The true Diaspora emigration took hold of the country during the span of time between 1850 and 1949. The majority of emigrants were illiterate peasants and manual laborers who were called “coolies” (the name being an alliteration from the Chinese “Ku Li” meaning hard labor). These Southern Chinese men emigrated to countries all over the face of the earth; most often landing in the Americas, Australia, South Africa, Southeast Asia, and Zeelandia. Each destination needed cheap labor for differing reasons. “Discovering gold in the mountains of the Western United States from 1884, in Southern Australia from 1851, and in Western Canada from 1858 set in motion a flow of people from China that over the next eight decades, would include millions of individuals. The vast majority of migrants were never involved in gold-mining and never reached the more distant destinations, but those returning in the earliest periods were instrumental in spreading information about a world beyond the confines of Chinese towns and villages. Some left China as free migrants, paying their own way. Many more left as indentured or contract laborers enlisted directly by governments or by labor recruiters. Yet others left on the “credit-ticket” system where their expenses were advanced to them and they were expected to pay off their debts after reaching their destination. The vast majority of the migrants were males who expected to return home to their families or to marry after their time overseas. They were the sojourners, and the fact that many died outside of China or became entrapped through indebtedness or inertia does not deny the essentially circular nature of the migratory system. However, Chinese did settle overseas, particularly where women also migrated, or were allowed to. Hence, large and fairly stable overseas communities had been established before the outbreak of the Second World War with between 8.5 and 9 million Chinese outside of China, the vast majority of whom were in Southeast Asia, or the Nanyang. The network was, however, much more extensive, with communities throughout Spanish America, the Caribbean, the Pacific Islands, South Africa, North America and Australia.”- [Ronald Skeldon].
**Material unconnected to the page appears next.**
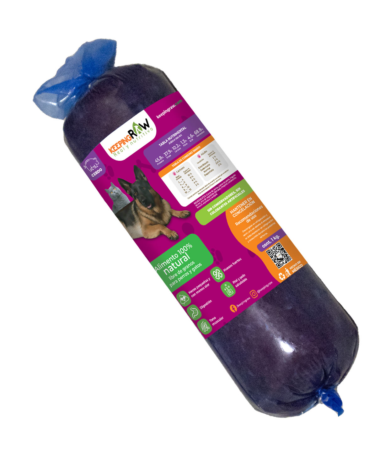 Carne de cerdo, carne de pollo, hígado de res, mix de vegetales (betabel, chayote, calabacita, brócoli, espinaca y acelga).

China set up its own regulations for emigration. The government kept the locations of departure controlled and localized; making use of its annexed colonies in the process. Honk Kong, Macau, and treaty ports all had a steady stream of emigrants preparing to leave China. The Pearl River Delta was the access point for South Central Guangdong. Amoy and Shantou served those from Eastern Guangdong. Those traveling to North America, came almost entirely from four districts in the Western Pearl River Delta. And from within those four districts, Taishan was the main supplier of emigrants. People with origins from Eastern Guangdong and Fujian were also very localized, bearing a small number of surnames. This explains the dominance in representation of a relatively small collection of lineages and villages in America. Skeldon comments that, “The migration [pattern] demonstrates a classic chain effect based upon areas of quite limited extent.” As mentioned before, those few who returned from overseas had great influence over their communities; encouraging others to try their luck abroad as well.
Between the 1850s and 1939, more than six million Chinese had migrated from Hong Kong alone; with a small number traveling more than once. In the 1850s the major destination was North America and Australia. From 1870 on, Singapore and the states of Malay became the principle destination ports. There were two basic reasons for the change of preference in countries. 1.) Great White Walls: the United States, Canada, Australia, and New Zealand had by then all adopted immigration policies which were specifically designed to exclude Asians from entering their countries. 2.) In the British Empire, the Chinese coolie immigration began after Great Britain abolished slavery, which resulted in a labor shortage for its colonies. To meet the new needs of the market, European merchants replaced their cargos of African slaves with indentured laborers from China and India. British colonial governments in Southeast Asia, in particular, were in dire need of cheap labor to develop the economies of their Imperialist territories.
Around the turn of the century, there was an average of 100,000 people a year leaving Hong Kong and Amoy together to migrate to Nanyang (the name given to the Southeast Asia countries where the Southern Chinese went to work). These were poor peasants who were used as laborers; with the exception of a very small number of free settlers. “They left an impoverished Southern China to work tin and develop market gardening in the Malay peninsula, to open up tobacco and rubber plantations in Sumatra and Sarawak respectively and to become rickshaw pullers and prostitutes in Singapore. Also, a minority who had considerable urban experience, and some education and capital moved to extend trade and entrepreneurial activities. Perhaps of greatest significance, however, was that the destination areas provided opportunities for poorer migrants to become successful through hard work and personal contacts. There was thus considerable scope for economic and social mobility of Chinese migrants in terms of background and activities.”- [Ronald Skeldon]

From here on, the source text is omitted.